Катя уверена в этом, хотя они с мамой не обсуждают такое. Это, что называется, запретная тема. Особенно после того письма, что она написала матери в пятом классе.
Нет, отец не был отмороженным психом, он и пальцем их с Ромкой не трогал. Более того, он даже не кричал никогда. Он своих детей просто… игнорировал. То есть не замечал. Как будто их нет. А они были. И мама была. А отец был рядом, но как будто отдельно. Она помнит, что сколько не пыталась, никогда не могла поймать его взгляд. Он всегда смотрел вскользь: поверх головы, сквозь неё, или вообще в сторону.
И выражение лица при этом было такое… Как будто ему напомнили об одном мелком, но досадном и нудном, отвлекающем от приятного времяпрепровождения деле.
Обычно отец приходил с работы и усаживался в гостиной перед телевизором. Мама бесшумной тенью относила ему туда ужин. Затем возвращалась и они ели втроём на кухне. Быстро и молча. Хотя явно никто им не запрещал разговаривать, но как-то высказываться, обсуждать что-либо, когда за стенкой находился отец, не было никакого желания.
Потом Катька с братом отправлялись в свою комнату под печально-извиняющимся взглядом матери. И опять же: вести себя следовало тихо. Всегда. Это была уточняющая конкретизация основного требования: не создавать проблем. Ни Катя, ни Ромка не знали, что произойдёт, если они включат музыку, начнут беситься, позовут в гости друзей или вовсе не дай бог что-нибудь разобьют. Проверять никому из них ни разу не пришло в голову.

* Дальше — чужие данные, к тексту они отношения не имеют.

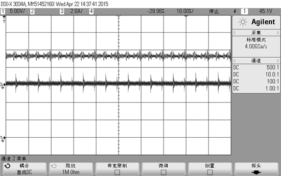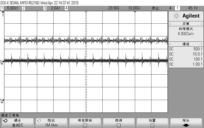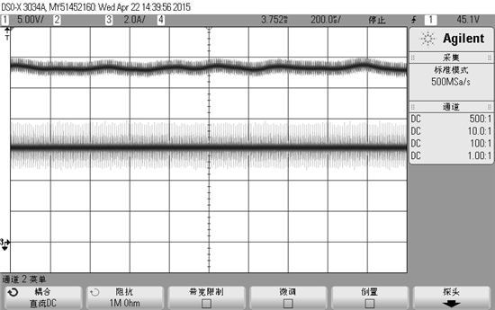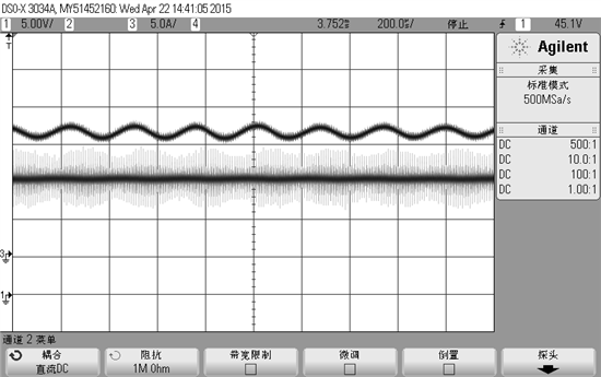 波形如上图,上下两个波形分别为电流和电压波形。输出电压14V,输出电流在小于15A的时候出现不平稳状况,电压波形也纹波增大。当输出电流大于15A时就正常了。请问:应该如何解决???  是基于dsp数字控制的。

Оба как-то очень рано поняли, что чем они тише и дальше от отца, тем лучше. Для всех них и во всех отношениях.
То есть главному условию – не создавать проблем, - все трое соответствовали. В атмосфере напряжённой тишины и молчания, существовать было неуютно и тягостно. Но ещё хуже становилось, когда отец начинал говорить. Делал он это, так сказать, снисходя, только в случае, когда что-то выходило за рамки. И  жалил спокойно и медленно, словно наслаждался процессом.
Полноватой, рыжеволосой дочери он говорил, что ей следует с особым усердием относиться к учёбе, ведь рассчитывать на счастливую внешность, как некоторым другим девочкам, в её случае не приходится.
Своему чувствительному сыну он внушал, что ему нужно было родиться девочкой, только, разумеется, не рыжей, мол это был бы уже совсем перебор. При этом с кривоватой усмешкой, которую Катя особенно ненавидела в нём, он смотрел куда-то поверх её головы. Ей казалось, что волосы её при этом начинают сами собой шевелиться.
А когда тот же Ромка получал оценку ниже четвёрки, отец с каким-то неизъяснимым злорадством непременно сообщал, что роман Достоевского «Идиот», написан именно о нём.
Чаще всего после таких непродолжительных воспитательных экзерсисов, он отворачивался, давая понять, что разговор окончен. При этом  поджимал тонкие губы, на которых оставалась всё та же кривая усмешка и весь вид его говорил о том, что ничего другого он от них и не ожидал.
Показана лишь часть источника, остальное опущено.